## WHAT IS REQUIRED
Your task is to return the listing below word for word, without any of its images.

## THE DATA
* * *

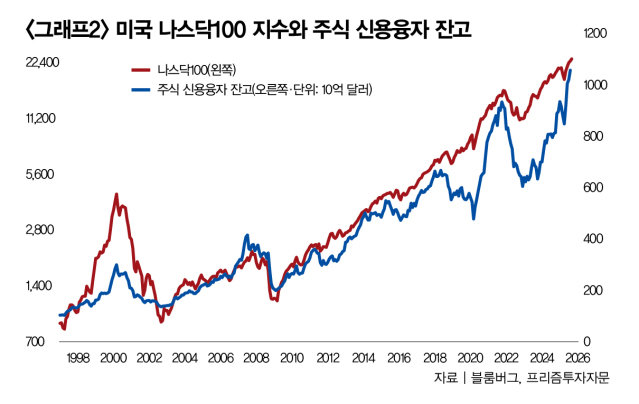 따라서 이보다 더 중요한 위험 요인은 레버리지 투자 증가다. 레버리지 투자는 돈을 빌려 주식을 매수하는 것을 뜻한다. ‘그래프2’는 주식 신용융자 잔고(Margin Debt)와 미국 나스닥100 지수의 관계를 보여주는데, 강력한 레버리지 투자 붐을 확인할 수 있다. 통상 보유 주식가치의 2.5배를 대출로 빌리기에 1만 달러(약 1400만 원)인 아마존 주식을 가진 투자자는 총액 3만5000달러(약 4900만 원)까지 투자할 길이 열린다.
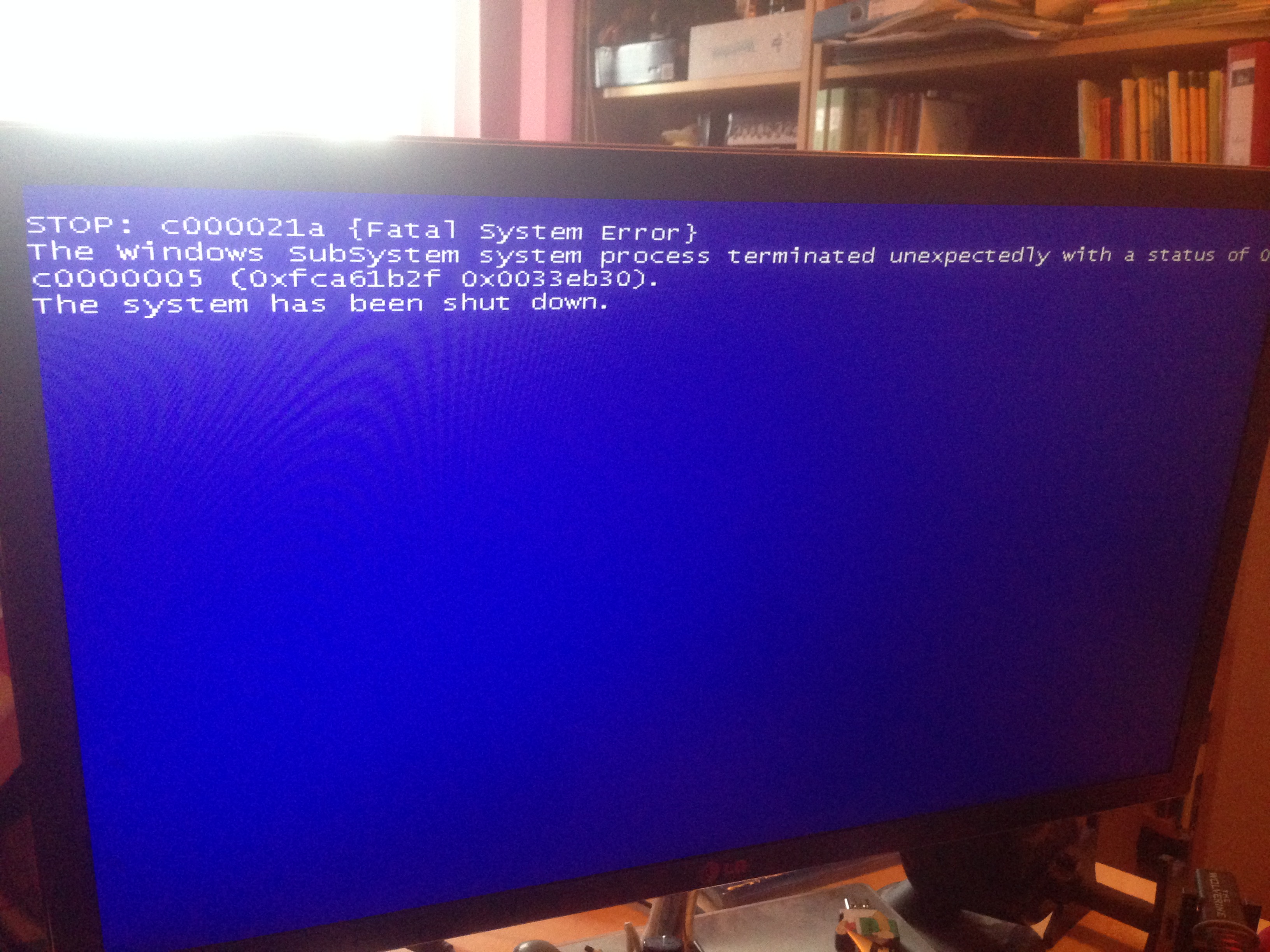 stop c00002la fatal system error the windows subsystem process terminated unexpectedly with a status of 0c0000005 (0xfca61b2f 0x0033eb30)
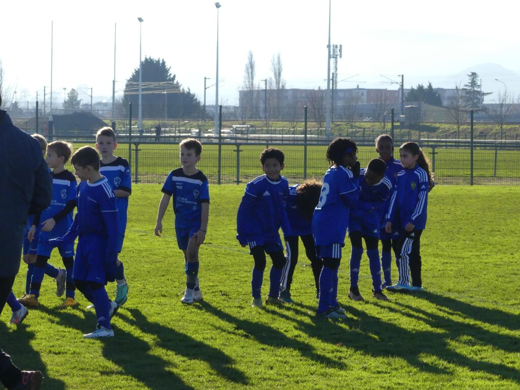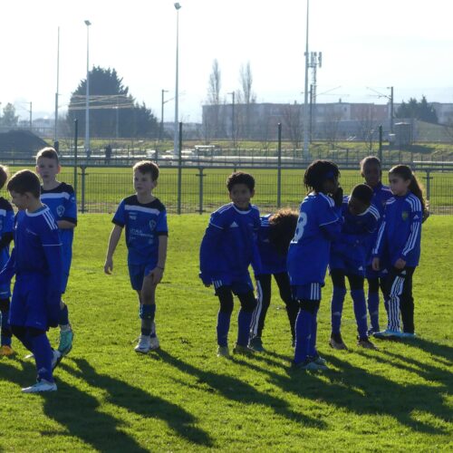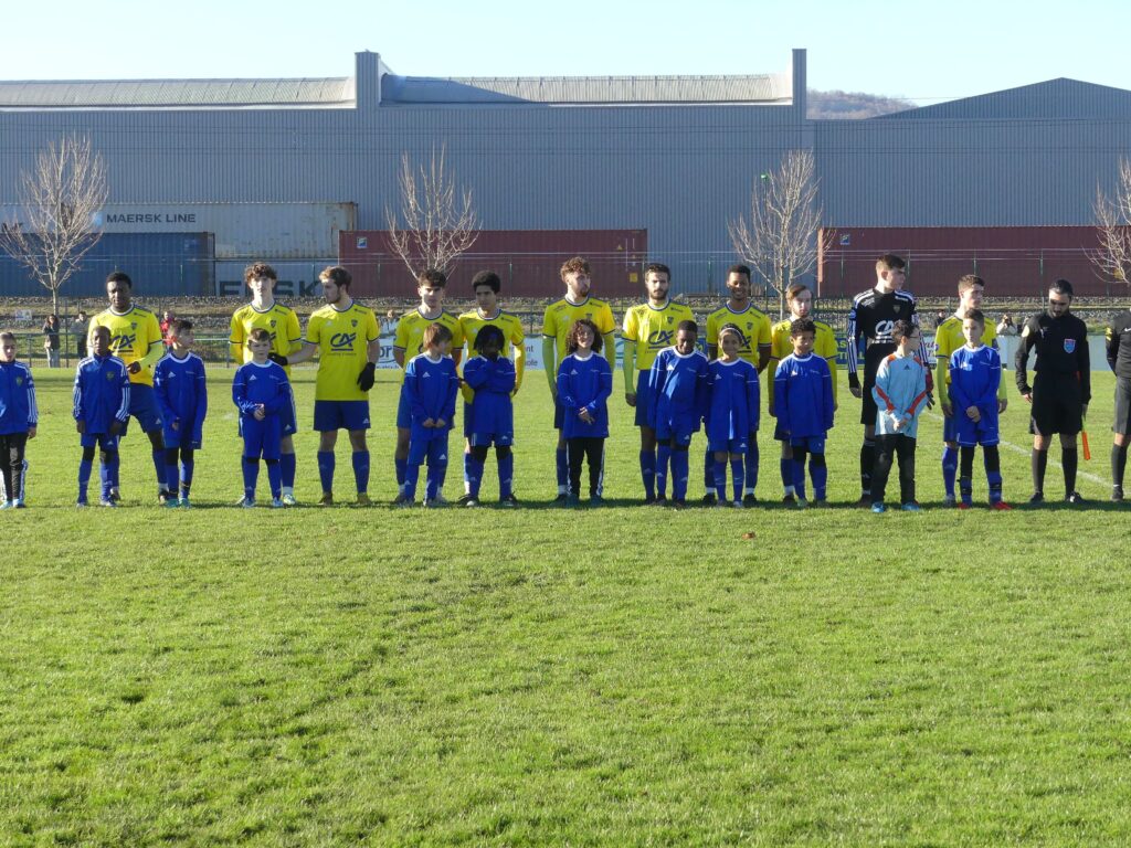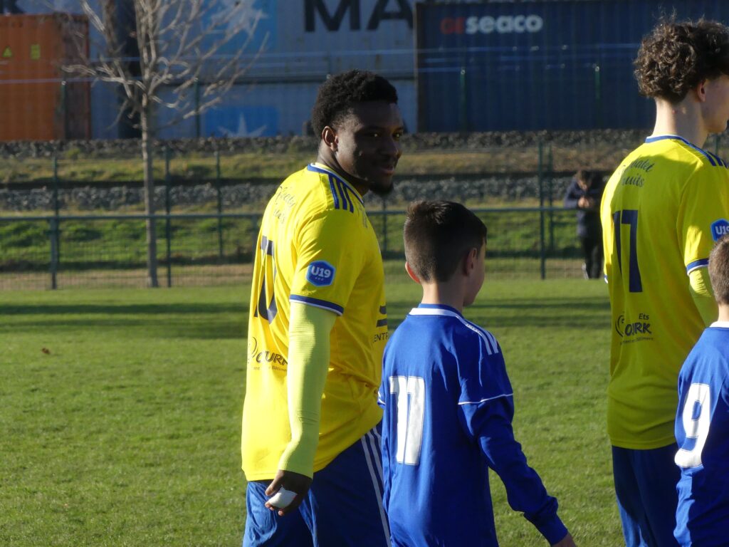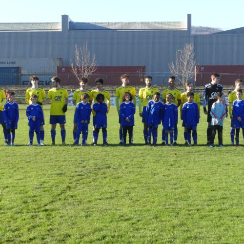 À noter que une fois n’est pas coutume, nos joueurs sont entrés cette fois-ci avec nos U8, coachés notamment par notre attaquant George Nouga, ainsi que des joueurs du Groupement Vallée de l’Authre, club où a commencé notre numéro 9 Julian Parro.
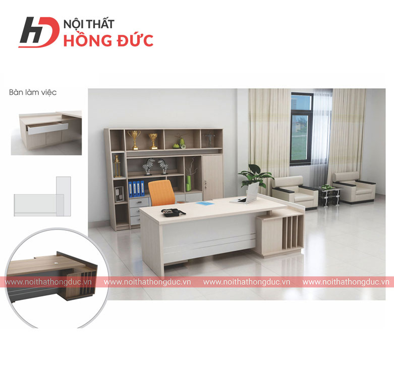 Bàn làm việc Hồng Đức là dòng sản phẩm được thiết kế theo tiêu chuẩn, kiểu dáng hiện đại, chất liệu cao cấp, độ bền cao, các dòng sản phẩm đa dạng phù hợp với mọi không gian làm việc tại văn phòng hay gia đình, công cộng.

* * *

## TASK SOLUTION
 따라서 이보다 더 중요한 위험 요인은 레버리지 투자 증가다. 레버리지 투자는 돈을 빌려 주식을 매수하는 것을 뜻한다. ‘그래프2’는 주식 신용융자 잔고(Margin Debt)와 미국 나스닥100 지수의 관계를 보여주는데, 강력한 레버리지 투자 붐을 확인할 수 있다. 통상 보유 주식가치의 2.5배를 대출로 빌리기에 1만 달러(약 1400만 원)인 아마존 주식을 가진 투자자는 총액 3만5000달러(약 4900만 원)까지 투자할 길이 열린다.
 stop c00002la fatal system error the windows subsystem process terminated unexpectedly with a status of 0c0000005 (0xfca61b2f 0x0033eb30)
 À noter que une fois n’est pas coutume, nos joueurs sont entrés cette fois-ci avec nos U8, coachés notamment par notre attaquant George Nouga, ainsi que des joueurs du Groupement Vallée de l’Authre, club où a commencé notre numéro 9 Julian Parro.
 Bàn làm việc Hồng Đức là dòng sản phẩm được thiết kế theo tiêu chuẩn, kiểu dáng hiện đại, chất liệu cao cấp, độ bền cao, các dòng sản phẩm đa dạng phù hợp với mọi không gian làm việc tại văn phòng hay gia đình, công cộng.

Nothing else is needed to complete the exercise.